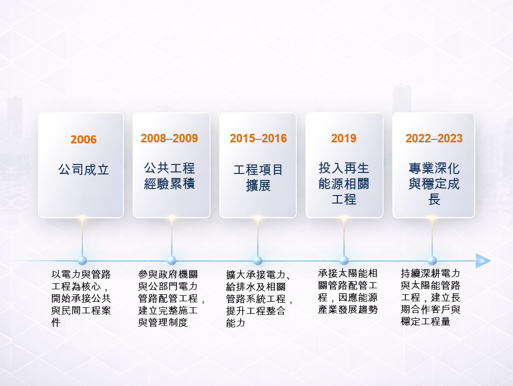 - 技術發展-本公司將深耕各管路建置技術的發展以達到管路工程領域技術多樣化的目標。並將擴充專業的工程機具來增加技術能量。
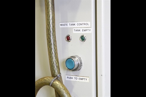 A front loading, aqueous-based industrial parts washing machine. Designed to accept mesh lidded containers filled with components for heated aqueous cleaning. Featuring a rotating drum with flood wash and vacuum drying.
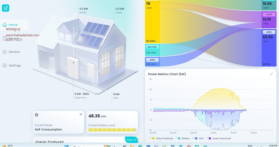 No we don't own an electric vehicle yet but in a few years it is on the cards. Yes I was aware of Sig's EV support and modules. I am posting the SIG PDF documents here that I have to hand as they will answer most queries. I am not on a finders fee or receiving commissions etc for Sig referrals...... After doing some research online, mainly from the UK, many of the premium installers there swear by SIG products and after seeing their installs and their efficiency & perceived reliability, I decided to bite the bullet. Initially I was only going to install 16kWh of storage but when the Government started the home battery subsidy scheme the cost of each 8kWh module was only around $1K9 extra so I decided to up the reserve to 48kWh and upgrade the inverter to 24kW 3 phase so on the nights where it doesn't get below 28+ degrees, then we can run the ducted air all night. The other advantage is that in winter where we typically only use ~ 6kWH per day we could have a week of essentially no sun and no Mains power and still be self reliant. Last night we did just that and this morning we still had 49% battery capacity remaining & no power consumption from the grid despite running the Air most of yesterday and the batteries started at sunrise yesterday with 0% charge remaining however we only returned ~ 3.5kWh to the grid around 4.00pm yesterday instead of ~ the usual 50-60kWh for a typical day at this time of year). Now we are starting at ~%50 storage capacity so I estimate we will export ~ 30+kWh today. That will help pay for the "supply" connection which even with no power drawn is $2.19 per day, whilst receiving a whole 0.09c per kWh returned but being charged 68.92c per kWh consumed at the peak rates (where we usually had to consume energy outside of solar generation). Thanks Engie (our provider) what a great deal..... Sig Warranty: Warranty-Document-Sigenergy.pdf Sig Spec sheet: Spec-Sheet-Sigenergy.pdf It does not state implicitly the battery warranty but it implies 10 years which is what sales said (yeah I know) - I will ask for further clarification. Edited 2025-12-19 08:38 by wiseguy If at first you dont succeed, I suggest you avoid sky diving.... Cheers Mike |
--------
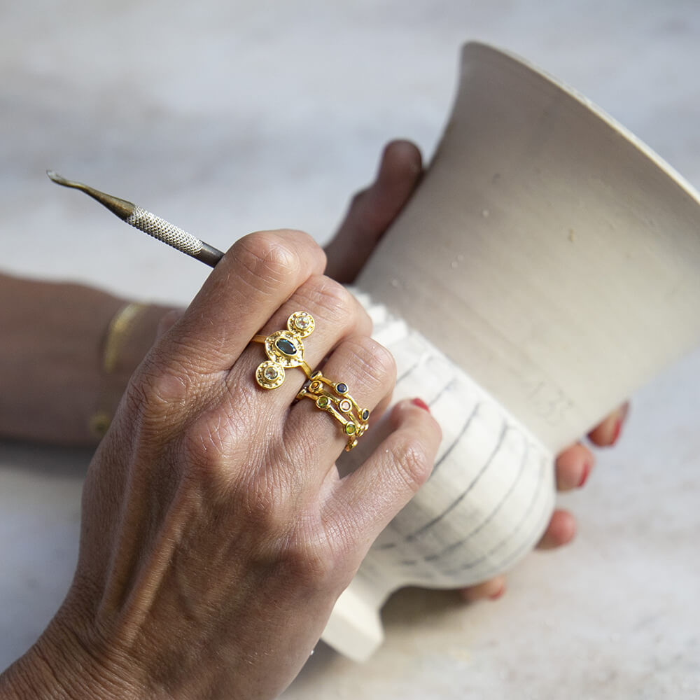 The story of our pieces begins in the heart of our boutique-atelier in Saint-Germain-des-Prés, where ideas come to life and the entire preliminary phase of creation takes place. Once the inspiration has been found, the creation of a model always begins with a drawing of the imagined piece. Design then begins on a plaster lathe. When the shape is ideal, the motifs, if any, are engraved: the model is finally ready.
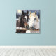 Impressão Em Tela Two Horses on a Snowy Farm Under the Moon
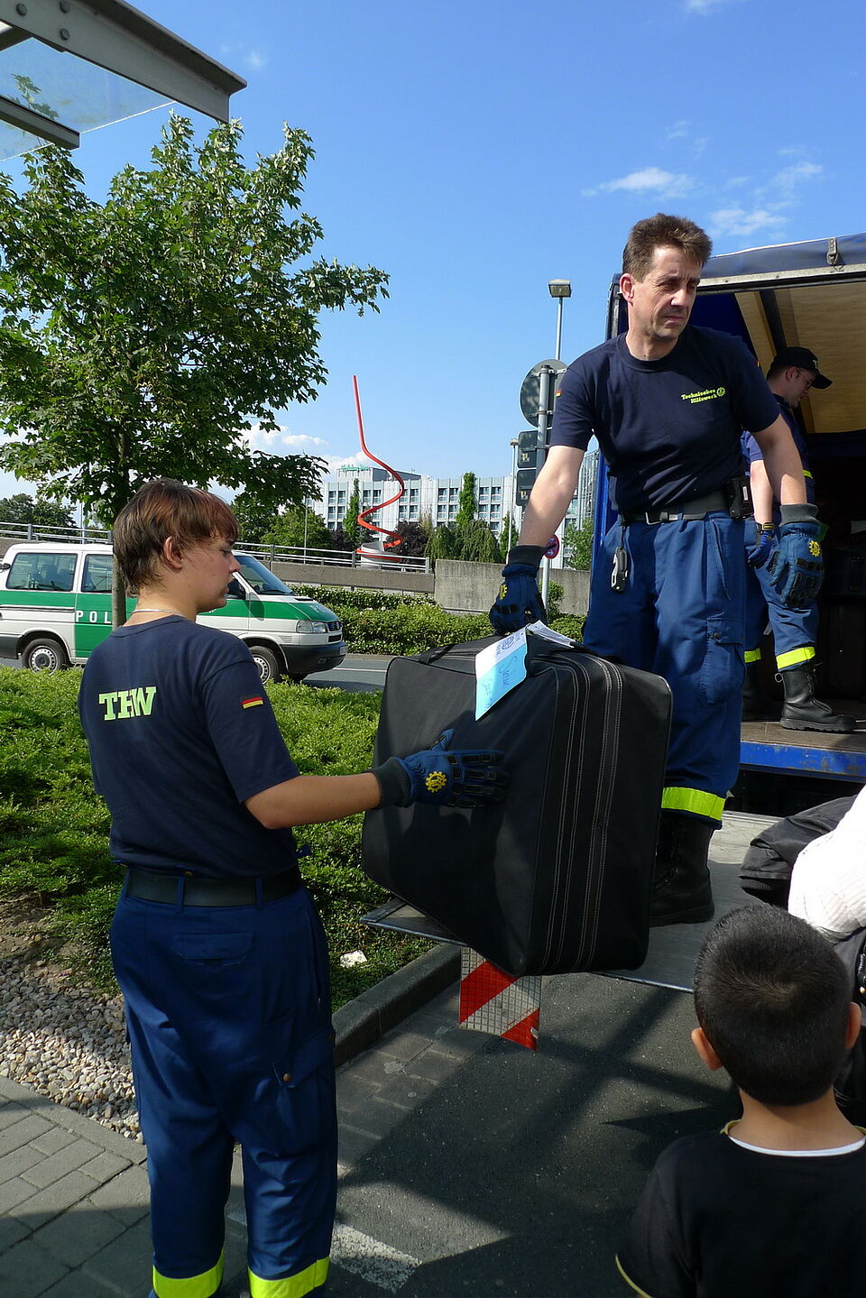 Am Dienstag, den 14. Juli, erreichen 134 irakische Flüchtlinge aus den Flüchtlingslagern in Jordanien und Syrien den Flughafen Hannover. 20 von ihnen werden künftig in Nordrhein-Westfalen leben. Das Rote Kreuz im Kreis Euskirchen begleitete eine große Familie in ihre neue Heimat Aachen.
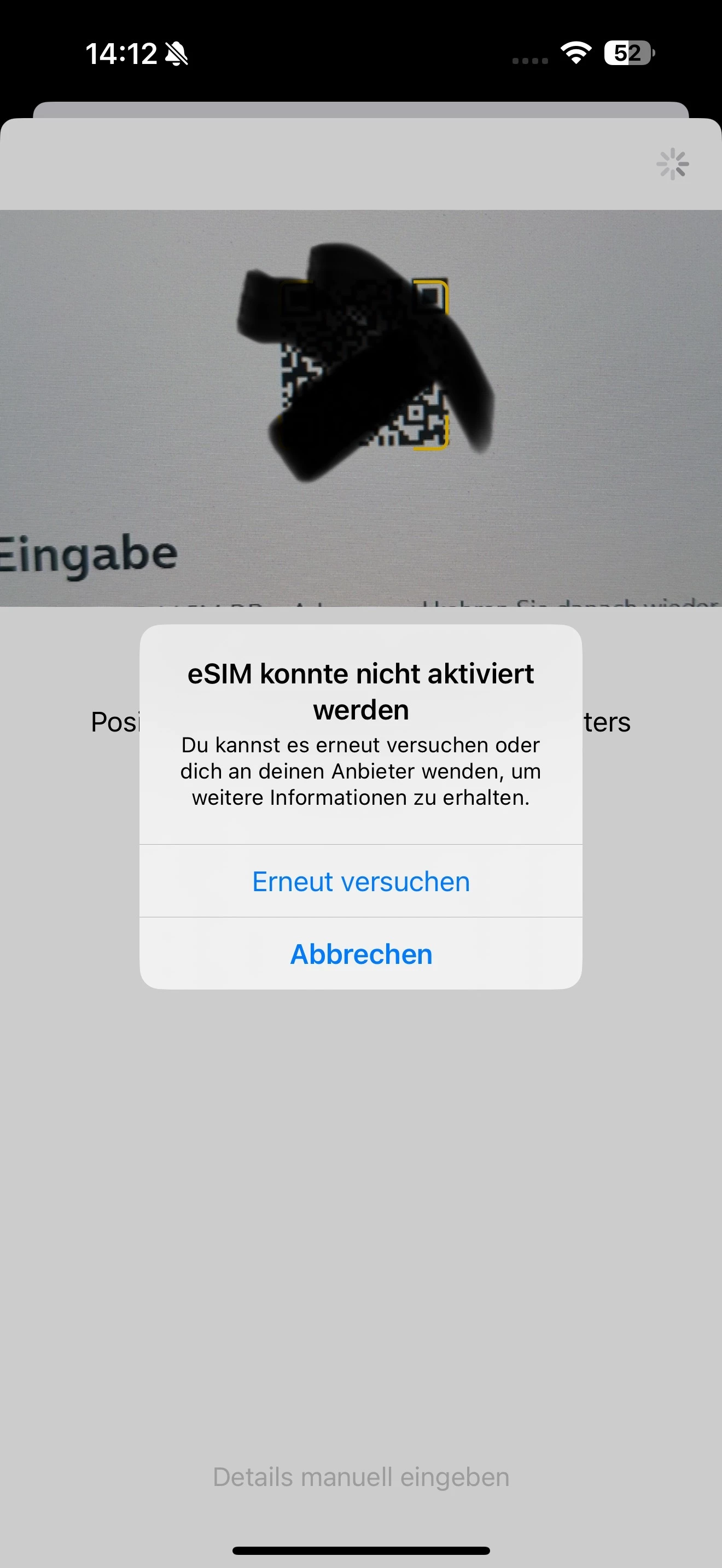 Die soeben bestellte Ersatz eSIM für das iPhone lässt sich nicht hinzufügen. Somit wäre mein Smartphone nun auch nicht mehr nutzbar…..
--------
[Assignment] Word for word, restate the lines above from the one with "Am Dienstag, den" through the one with "Die soeben bestellte", keeping both ends and dropping the pictures.

[Solution for this exercise]
 Am Dienstag, den 14. Juli, erreichen 134 irakische Flüchtlinge aus den Flüchtlingslagern in Jordanien und Syrien den Flughafen Hannover. 20 von ihnen werden künftig in Nordrhein-Westfalen leben. Das Rote Kreuz im Kreis Euskirchen begleitete eine große Familie in ihre neue Heimat Aachen.
 Die soeben bestellte Ersatz eSIM für das iPhone lässt sich nicht hinzufügen. Somit wäre mein Smartphone nun auch nicht mehr nutzbar…..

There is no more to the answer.